* **Exercise requirements**
In the listing below, locate the line that contains "Вообще, везде в" and the line that contains "أخبرنا محمّد بن". Restate word for word those two lines and every line between them, and nothing else.

* **Extracted information**
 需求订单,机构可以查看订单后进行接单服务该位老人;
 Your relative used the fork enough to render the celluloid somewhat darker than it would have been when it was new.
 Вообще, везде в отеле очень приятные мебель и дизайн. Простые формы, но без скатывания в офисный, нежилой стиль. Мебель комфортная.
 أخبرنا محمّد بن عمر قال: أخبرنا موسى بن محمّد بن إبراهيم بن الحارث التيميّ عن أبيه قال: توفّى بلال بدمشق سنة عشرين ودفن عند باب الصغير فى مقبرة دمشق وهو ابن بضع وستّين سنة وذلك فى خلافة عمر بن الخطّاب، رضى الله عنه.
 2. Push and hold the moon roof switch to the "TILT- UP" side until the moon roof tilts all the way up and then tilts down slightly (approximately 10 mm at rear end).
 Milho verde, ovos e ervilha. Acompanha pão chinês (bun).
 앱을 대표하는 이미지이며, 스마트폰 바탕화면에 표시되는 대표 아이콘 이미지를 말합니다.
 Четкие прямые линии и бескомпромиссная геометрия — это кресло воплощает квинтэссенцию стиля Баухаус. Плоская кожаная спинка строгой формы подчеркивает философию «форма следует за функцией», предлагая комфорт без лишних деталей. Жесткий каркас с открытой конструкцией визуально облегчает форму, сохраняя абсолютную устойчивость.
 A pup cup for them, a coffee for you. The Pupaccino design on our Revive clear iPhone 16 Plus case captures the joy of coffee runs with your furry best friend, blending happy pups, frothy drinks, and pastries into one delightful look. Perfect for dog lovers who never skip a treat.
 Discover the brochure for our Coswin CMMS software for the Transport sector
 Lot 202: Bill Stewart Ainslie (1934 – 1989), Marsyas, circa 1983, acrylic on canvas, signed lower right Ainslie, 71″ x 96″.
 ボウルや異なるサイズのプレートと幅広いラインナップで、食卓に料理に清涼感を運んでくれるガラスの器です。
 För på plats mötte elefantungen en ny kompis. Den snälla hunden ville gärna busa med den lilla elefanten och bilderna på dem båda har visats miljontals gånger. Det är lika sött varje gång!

* **Exercise solution**
 Вообще, везде в отеле очень приятные мебель и дизайн. Простые формы, но без скатывания в офисный, нежилой стиль. Мебель комфортная.
 أخبرنا محمّد بن عمر قال: أخبرنا موسى بن محمّد بن إبراهيم بن الحارث التيميّ عن أبيه قال: توفّى بلال بدمشق سنة عشرين ودفن عند باب الصغير فى مقبرة دمشق وهو ابن بضع وستّين سنة وذلك فى خلافة عمر بن الخطّاب، رضى الله عنه.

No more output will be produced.